Correlations between rated and coded personality dimensions

Ratings and codings were available for 44 individuals (18 males, 26 females), enabling us to assess the Spearman rank correlations between the personality dimensions derived from coding and from ratings. Because codings were collected between 2011 and 2014, we only used ratings collected in 2012 during the second wave of data collection.
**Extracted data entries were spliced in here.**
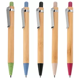 Descrição: Caneta com corpo em bambu e detalhes em plástico e metal. Aciona por clique. Acompanha estojo de papel.
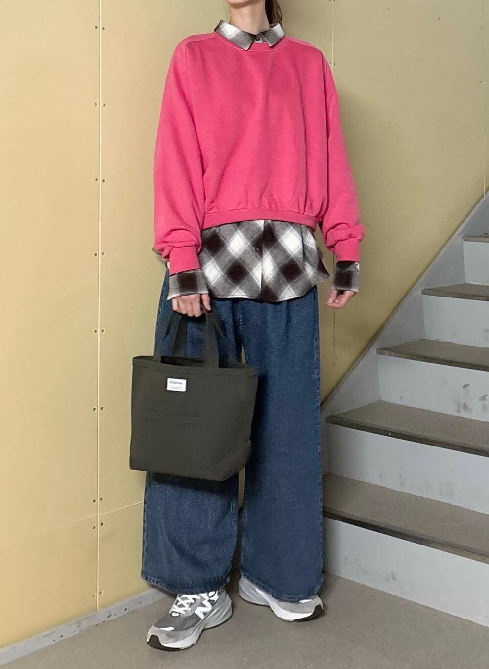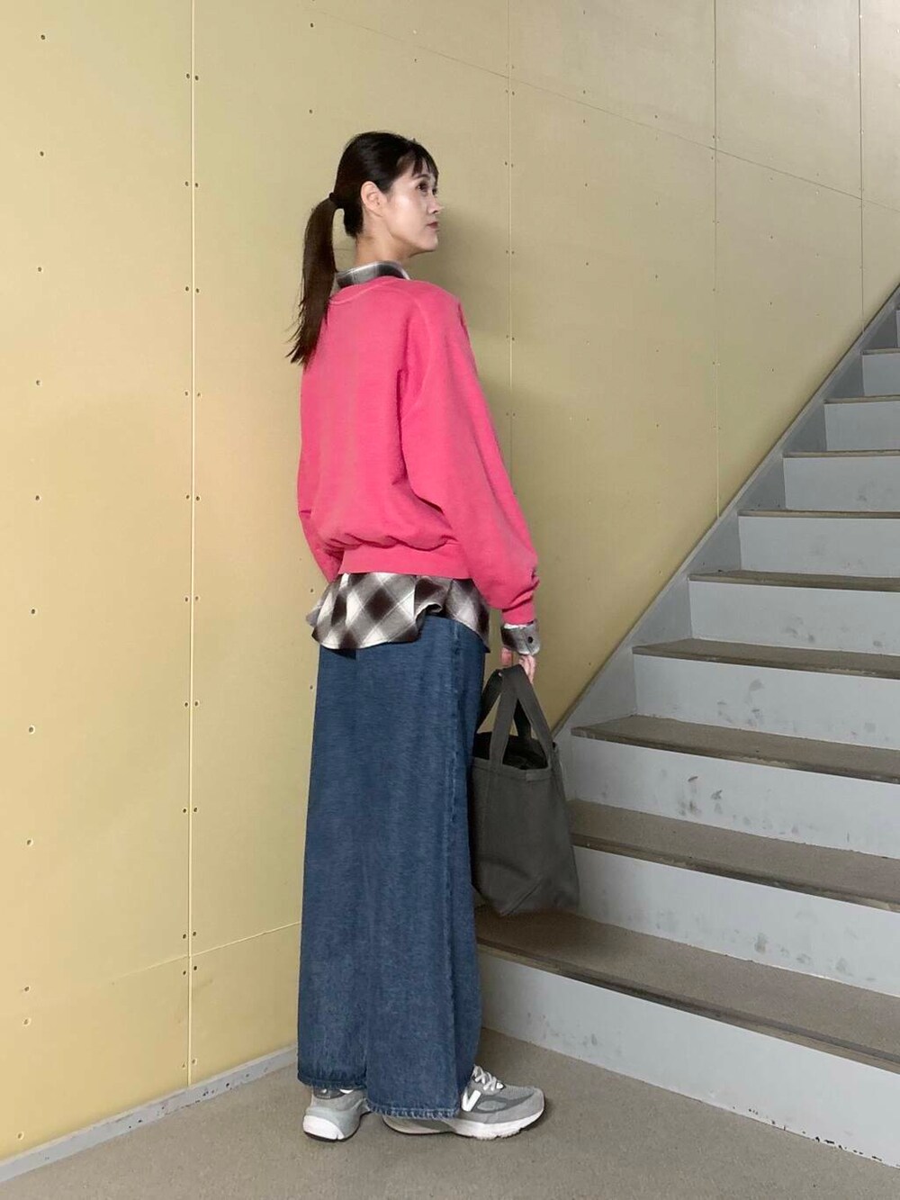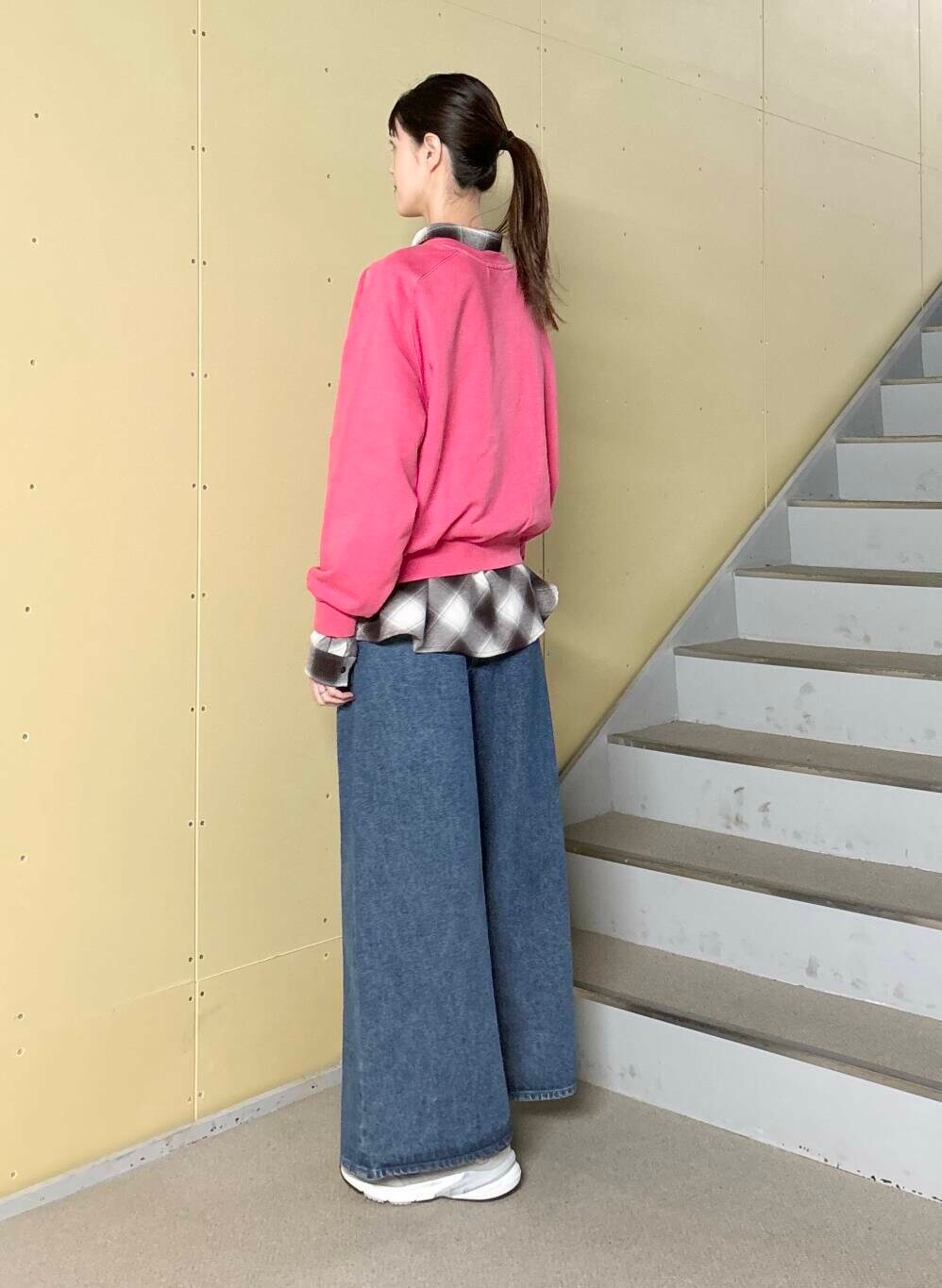 ドロップショルダーの少し短めの丈感なので丸みのある女性らしいシルエットになっています。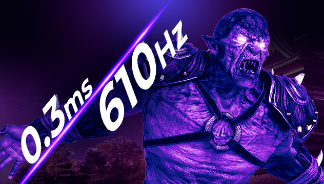 610Hzのリフレッシュレートと0.3msの応答速度により、ディスプレイはプロゲーミング基準に対応します。画面のブレを感じさせない極めて滑らかな映像体験を実現し、常に勝利に備えることができます。
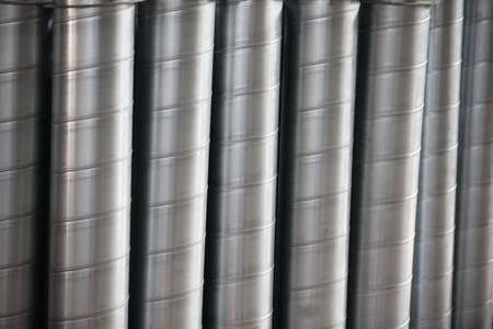 A close-up view of several shiny metal industrial components, possibly nuts or sleeves, lined up on a grooved metal shelf in a factory or warehouse. High quality photo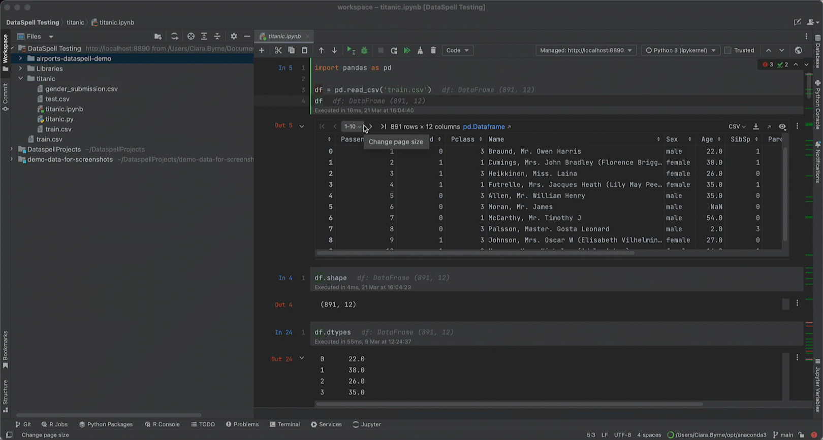 DataSpell 以表格形式显示 pandas DataFrame 的内容。 为了更舒适地浏览大型 DataFrame 表,请使用 Change Default(更改默认值)对话框将每页显示的行数更新为您喜欢的页面大小。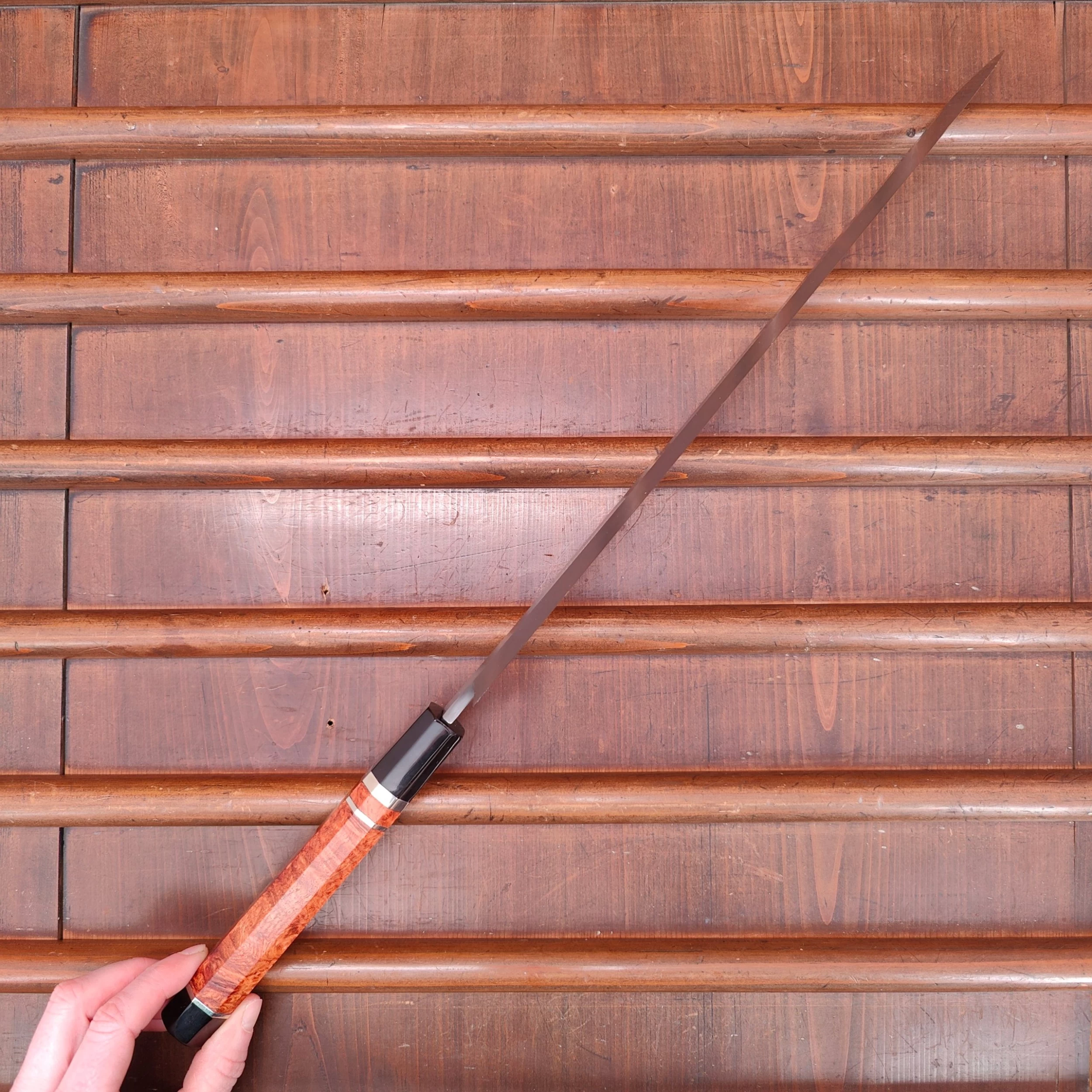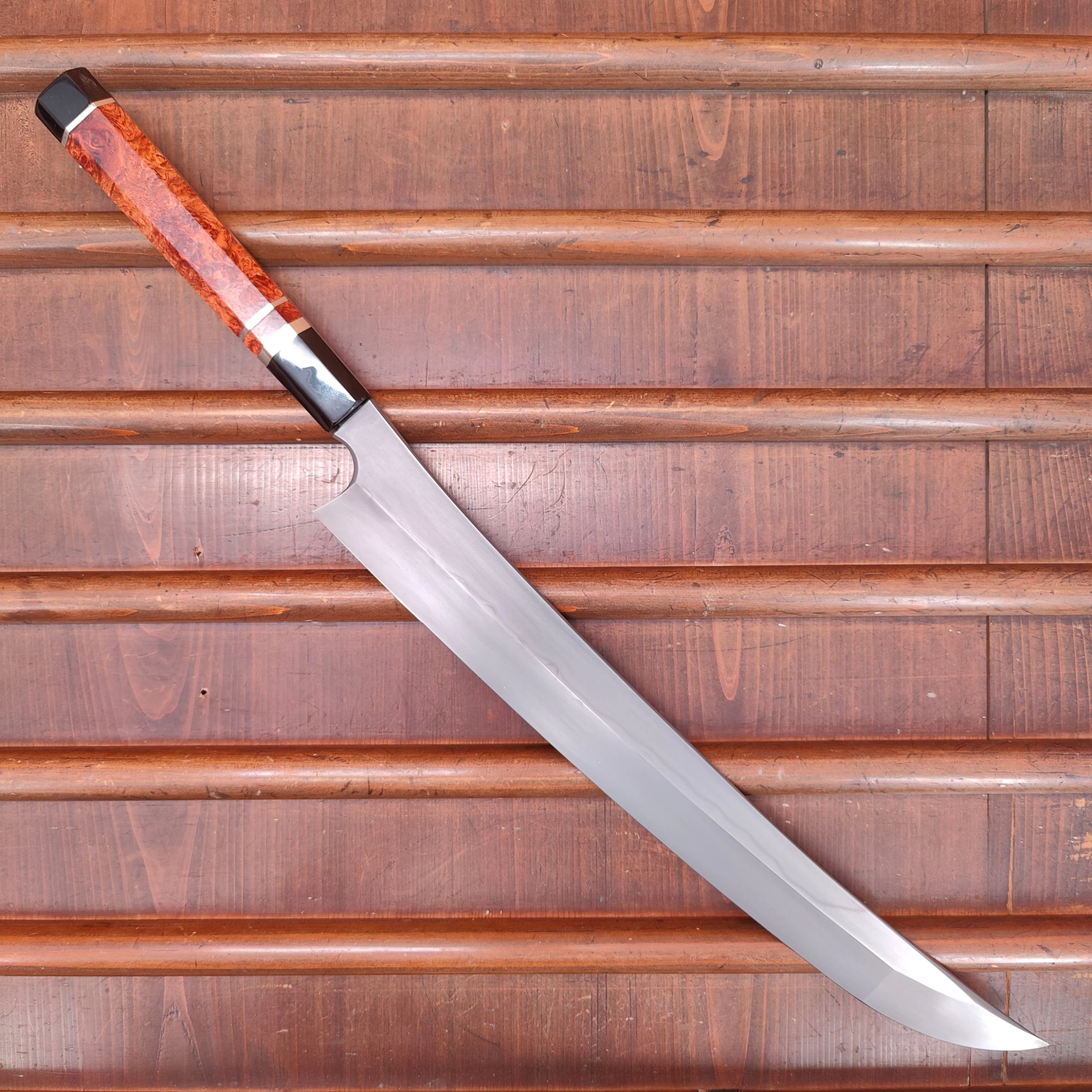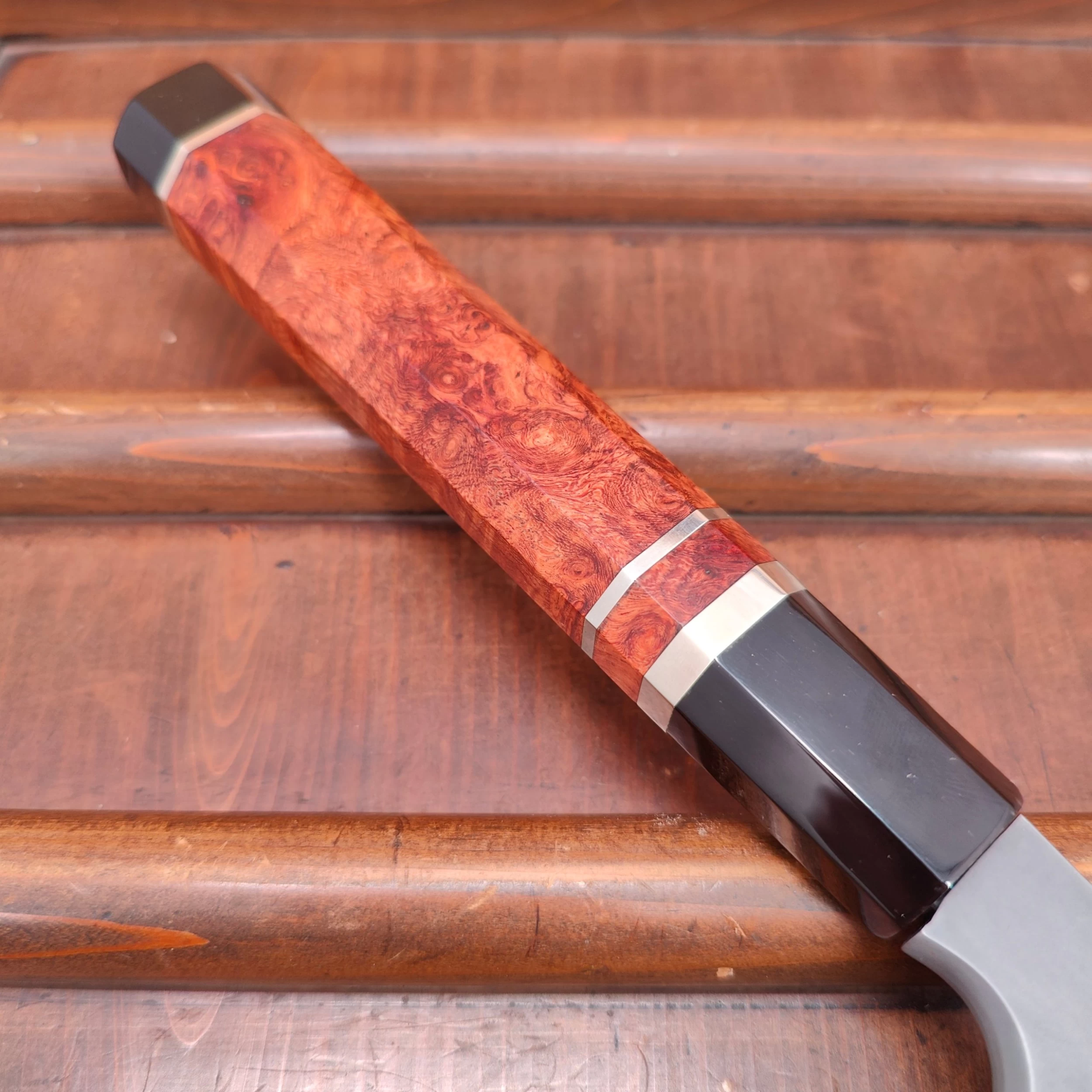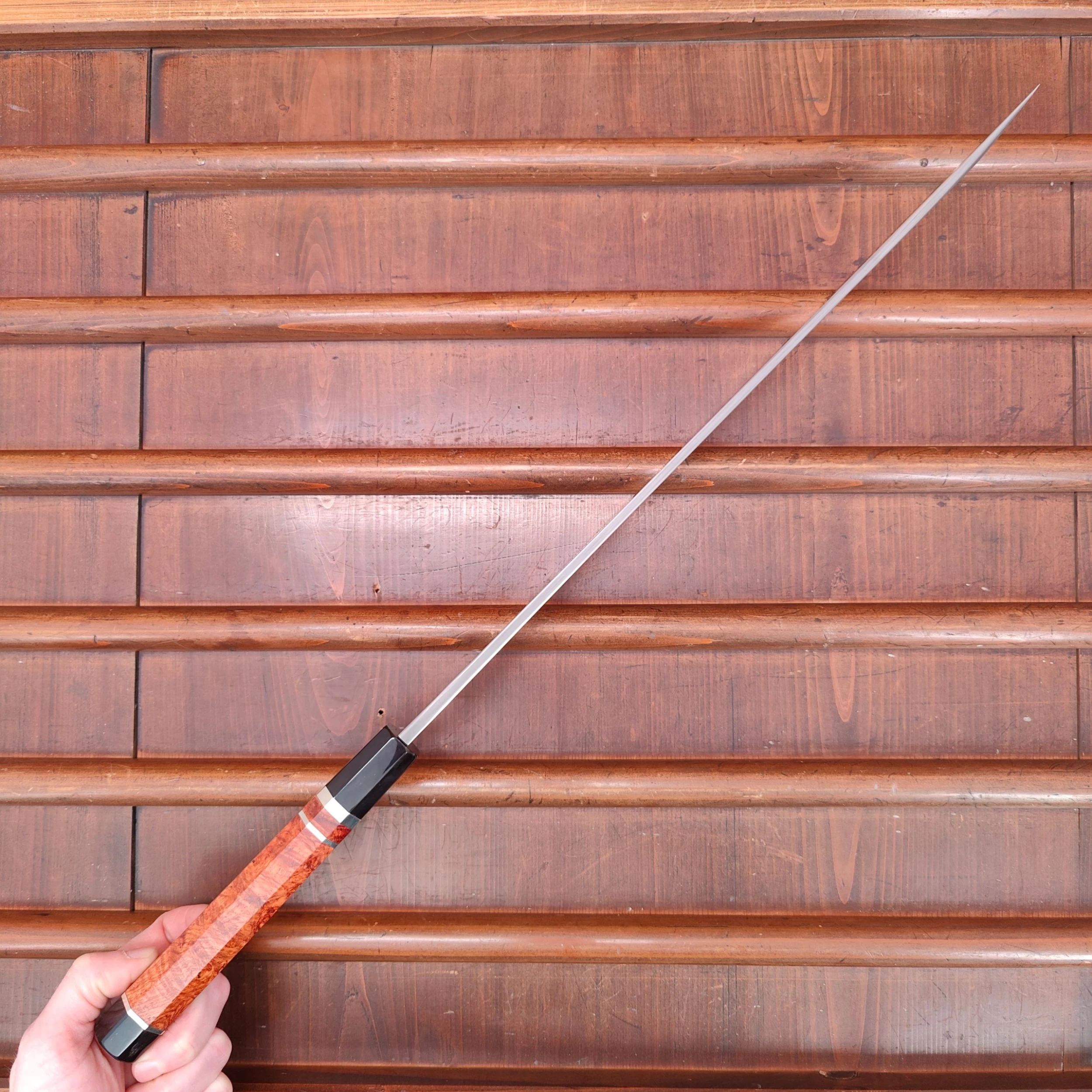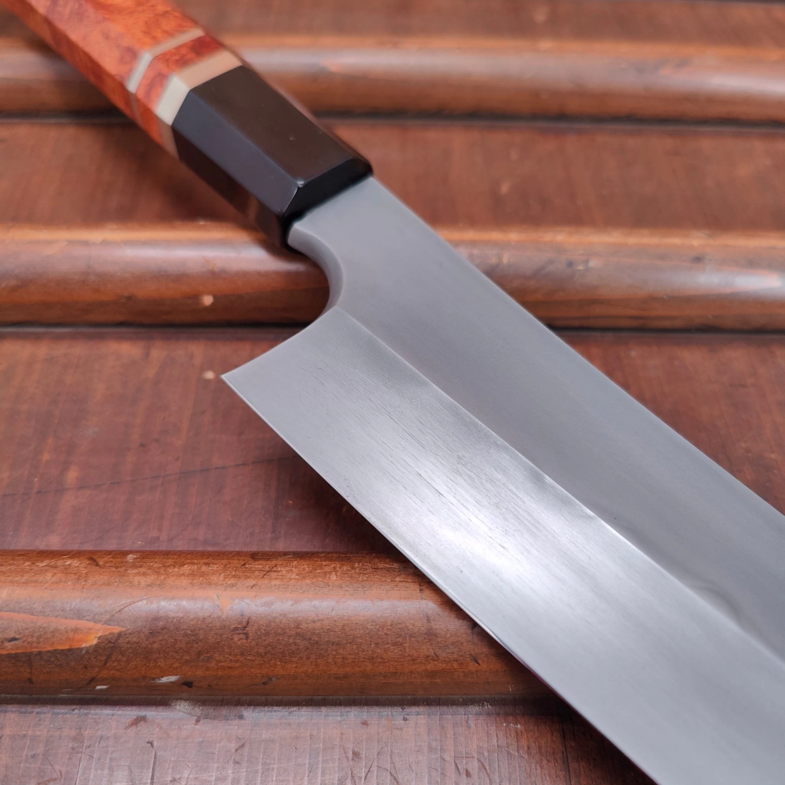 honyaki (water quenched) Aogami #2 yanagi with karin wood handle with buffalo horn spacers.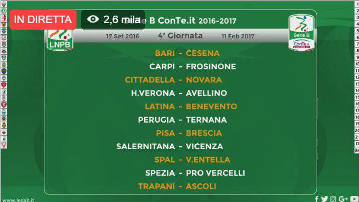 Serie B, la quarta giornata di campionato
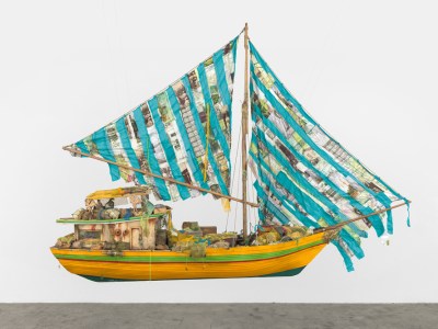 In his east London studio, the Scottish artist blocks out the neighbourhood chaos with noise-cancelling headphones and tennis commentary

We collected DNA samples for 113 subjects (62 females, 51 males, age ranging 2 to 62 years) for whom personality data were available. Behavioral coding data were available for 43 genotyped subjects (26 females, 17 males, age ranging 7 to 62 years) and trait ratings data were available for 112 genotyped subjects (61 females, 51 males, age ranging 2 to 61 years). Avpr1a genotyping was conducted by NS and PH in 2011–2012 and genotypes were unknown to researchers involved in the collection of codings and trait ratings to ensure that observations were not biased by knowledge of the individual genotypes. We obtained DNA from hair, tissue, or blood samples from the Centre for Research and Conservation at the Royal Zoological Society of Antwerp, Belgium (N = 54) and the institute of human genetics at the University of Freiburg (N = 5). The San Diego Zoo Institute for Conservation Research (California, United States) PCR amplified DNA that was banked in their Frozen Zoo from 54 bonobos for analysis in their genetics lab. Human DNA from the main investigators and negative control samples were included in all procedures to test for potential contamination during analysis. Approximately 20% of the samples were re-analyzed at least once to ensure correct genotyping. Studbook information was used to validate inheritance patterns of the alleles in this study.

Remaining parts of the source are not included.